The ACA has established that health plans should include prescription drug coverage. Under its provisions, insurance companies had to cover at least one drug in every category and class on the official list of approved drugs, and pharmaceutical companies had to offer increased discounts to reduce the cost of drugs covered by Medicaid.

However, in practice, the cost of the same drug varies considerably between plans and insurers, depending on the co-payments and coverage required. And, as the price of prescription drugs has risen, the financial burden on patients has increased.

In 2022, Congress passed the Inflation Reduction Act (IRA), an attempt to regulate the price of prescription drugs. The law allows the government to negotiate the costs of certain Medicare-eligible drugs and to cap out-of-pocket expenses for seniors. It also requires companies to pay rebates to Medicare if they raise the price of their drugs faster than the rate of inflation.

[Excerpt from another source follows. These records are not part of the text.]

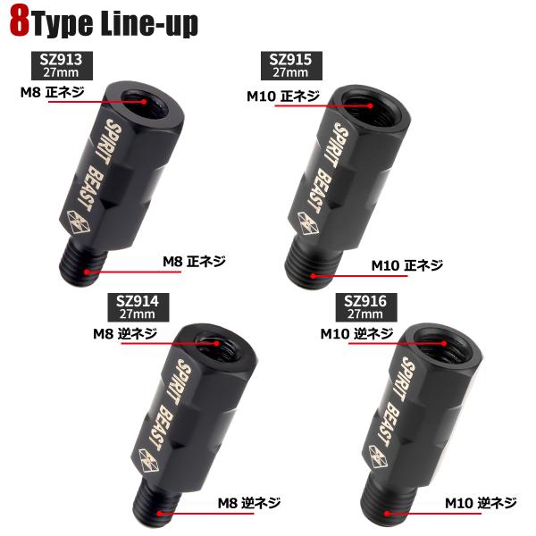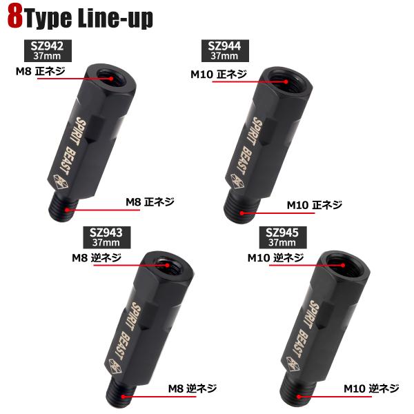バイク ミラー 変換アダプター 37mm延長 M8 M10 P1.25 正ネジ 逆ネジ 変換プラグ ステンレス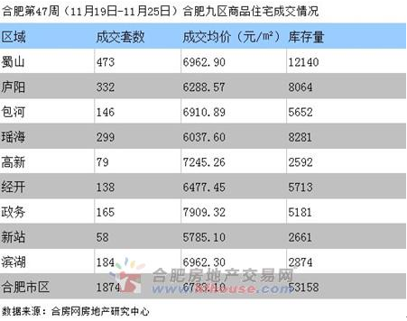 合肥第47周(11月19日-11月25日)合肥九區(qū)商品住宅成交情況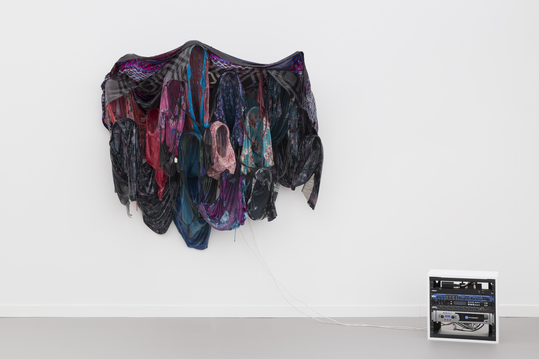 New York-based Kevin Beasley (Born 1985 in Lynchburg, VA) uniquely combines sound and clothing—his core artistic materials—in stunning, densely packed sculptures and immersive acoustic installations. His work involves the appropriation and recontextualization of found objects, sounds, and symbols to explore how personal memory and lived experience intersect with broader examinations of power and race.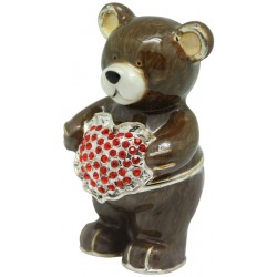 Hand sculpted & enamelled this high quality, jewelled Brown Teddy Bear trinket box is a part of deva Australia’s large range of ornate figurines, which are hand cast in metal to create exquisite trinket boxes. Inspired by Fabergé style trinket boxes. Each deva Australia collectable trinket box, is skilfully sculpted to bring out life like characteristics. Application of fine enamels in a vibrant palette; artistically hand-set Austrian Crystal embellishments and 18 K gold or silver plated trims, finish each piece to make it a treasured collectible or keepsake.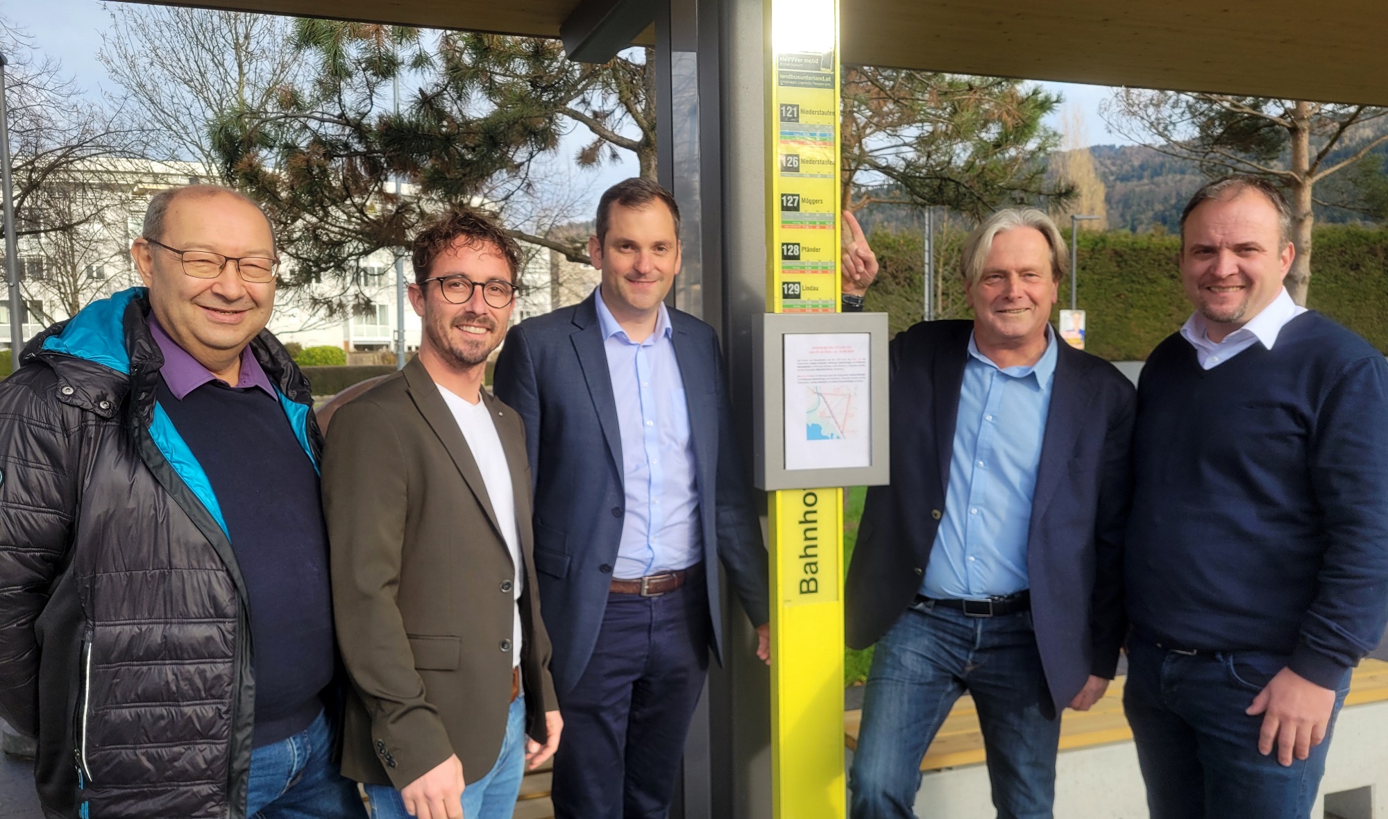 Auch die Bürgermeister des Leiblachtals besichtigten im Rahmen ihres regelmäßigen Bürgermeistertreffens das bestens gelungenes Mobilitätsprojekt: Wolfgang Langes (Hohenweiler), Lukas Greussing (Möggers), Andreas Kresser (Hörbranz), Frank Matt (Lochau) und Nico Flachsenberger (Eichenberg).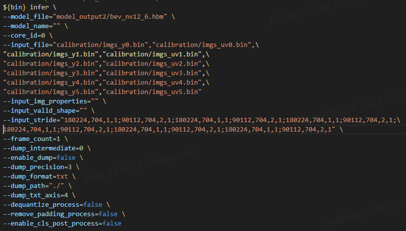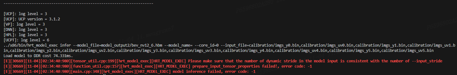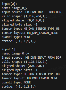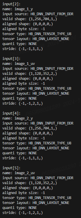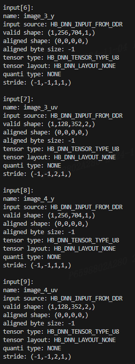 5. 问题具体描述:bev模型输入是nv12格式,共有6个y分量输入和6个uv分量输入,输入信息如下图。在使用hrt_model_exec infer指令进行模拟板端推理时,input_stride设置如图,出现了如下的报错。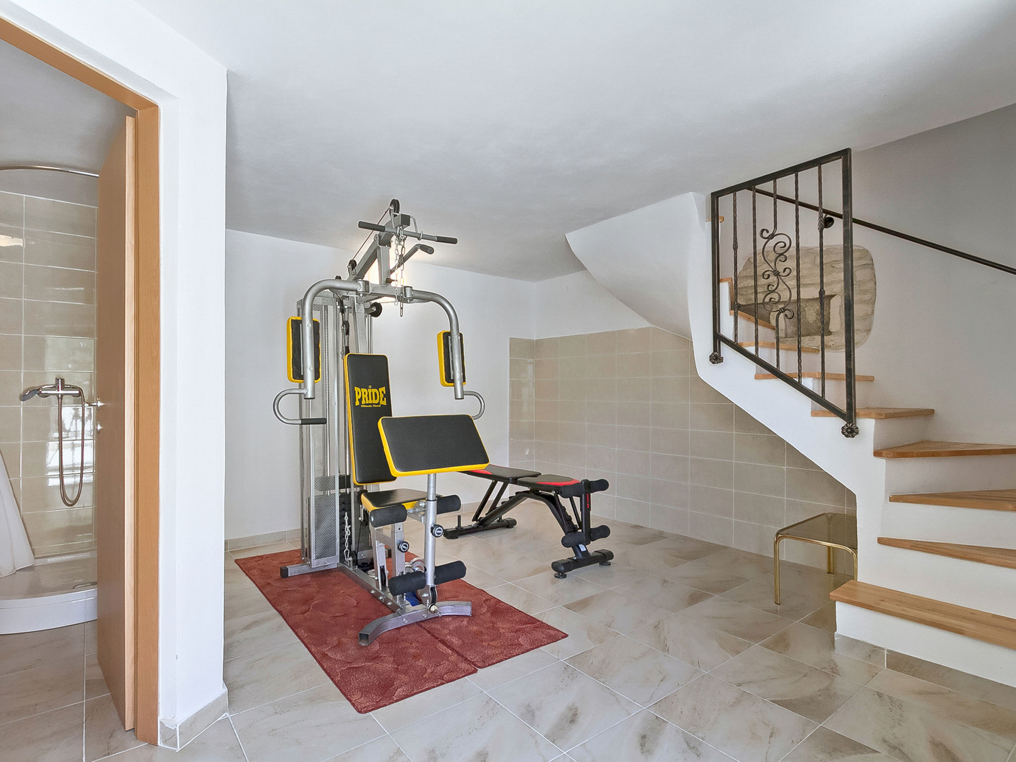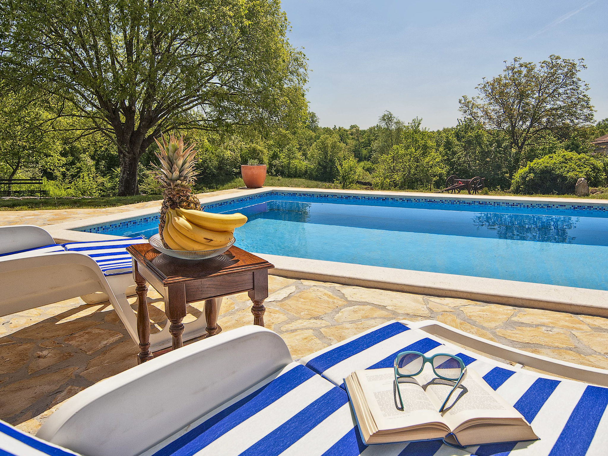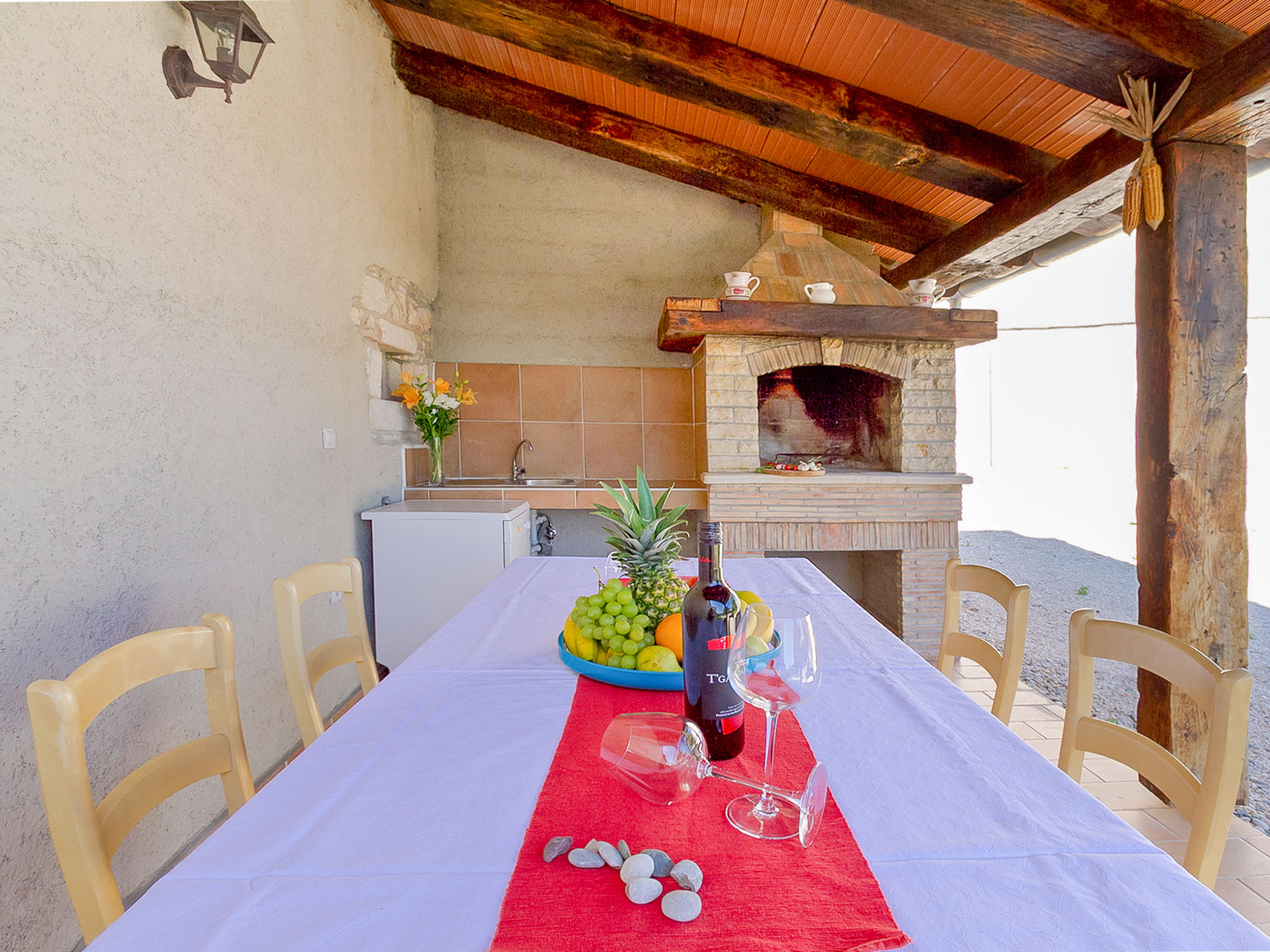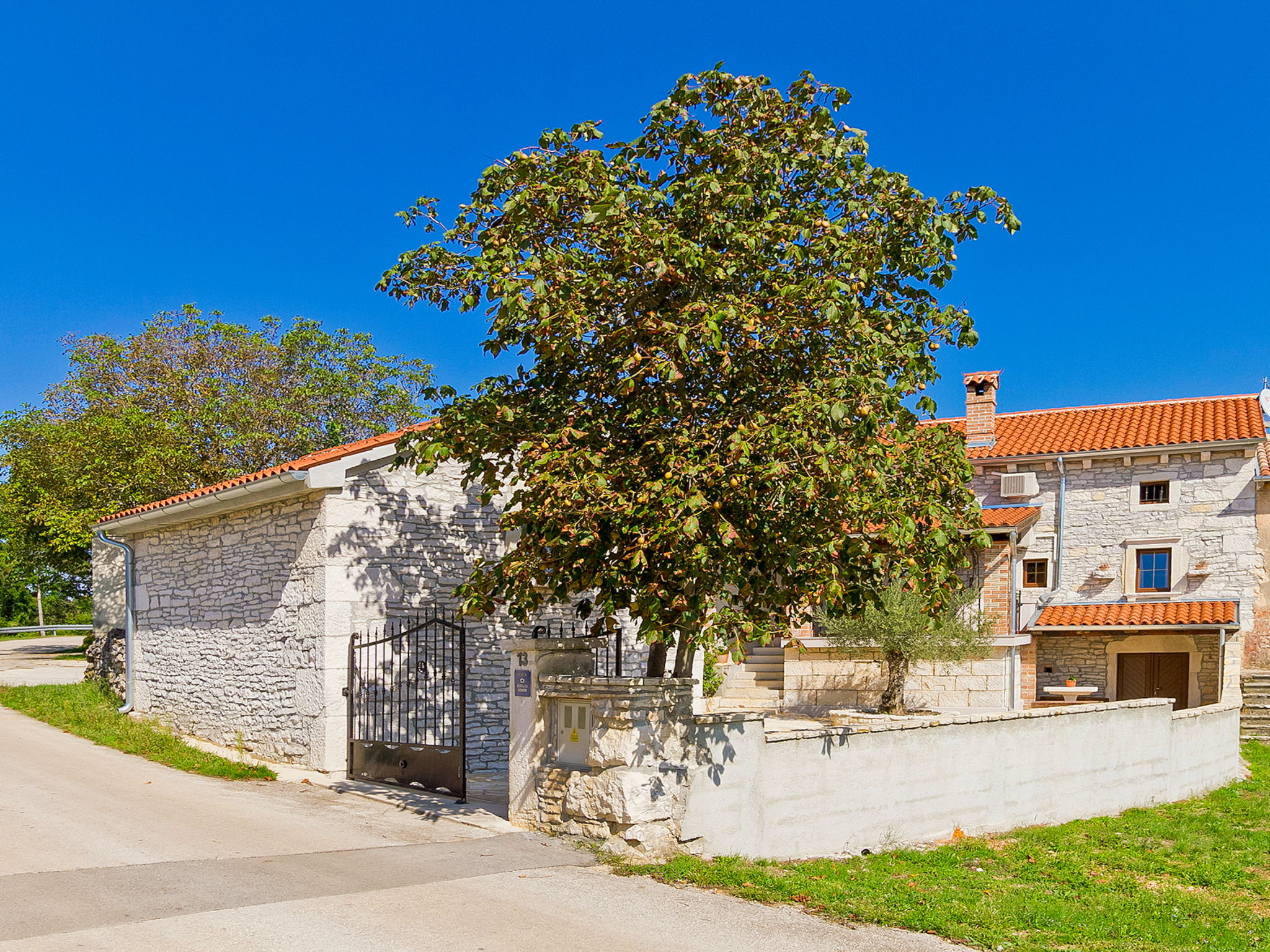 5-Zimmer-Doppelhaushälfte 160 m2 auf 2 Stockwerken. Wohn-/Esszimmer mit Sat-TV (Flachbildschirm), DVD und Klimaanlage. Ausgang zur Terrasse. 1 Zimmer mit 1 franz. Bett (160 cm, Länge 200 cm). Offene Küche (4 Kochplatten, Backofen, Mikrowelle, Tiefkühler, elektrische Kaffeemaschine). Ausgang zur Terrasse. Bad/WC, Dusche/WC. Obergeschoss: Eingang mit Klimaanlage. 1 Zimmer mit 1 franz. Bett (160 cm, Länge 200 cm). 1 Zimmer mit 1 franz. Bett (160 cm, Länge 200 cm), Dusche/WC. Abgeschrägte, offene Galerie, Deckenhöhe 140 - 250 cm mit 1 Doppeldiwanbett (160 cm, Länge 200 cm), TV (Flachbildschirm), Stereoanlage und Klimaanlage. Terrasse 10 m2, überdacht, Terrasse 15 m2, überdacht. Terrassenmöbel, Liegestühle. Schöne Sicht auf das Schwimmbad und die Landschaft. Zur Verfügung: Safe, Babybett, Haartrockner. Internet (Wireless LAN, gratis). 1 Haustier/Hund erlaubt. Das Haupthaus mit Wohn-/Essbereich, einer offenen Küche und einem Schlafzimmer im Erdgeschoss und mit 2 Schlafzimmern im ersten Stock. Im Ferienhaus gibt es ein Zimmer mit 2 Fitnessgeräten, eine Dusche/WC im Erdgeschoss und eine offene Galerie, eine Doppel-Schlafcouch, einen Fernseher (Flachbildschirm), eine Stereo-Anlage und Klimaanlage im ersten Stock.

Due to the provisions of the IRA, the Department of Health and Human Services will negotiate prices for 10 drugs in 2023. This number will increase each year until 2029, when 60 drugs will be subject to negotiated prices. While it may seem limited, Cox sees this legislation as a significant step toward drug price reform, especially since there has been such reluctance to regulate health care prices directly before.

“I think people are starting to recognize that’s why our healthcare system is so unaffordable. It’s because we don’t have any of these regulations that other countries have,” Cox suggested.

“There’s an even bigger challenge that the new law is only beginning to address: how to rein in exploding health care costs. Otherwise, this law can’t work in the long term.”

As we reported in Money’s 2010 breakdown of the law, the price of health care was an issue the ACA didn’t — or perhaps couldn’t — tackle. Twelve years later, the problem remains.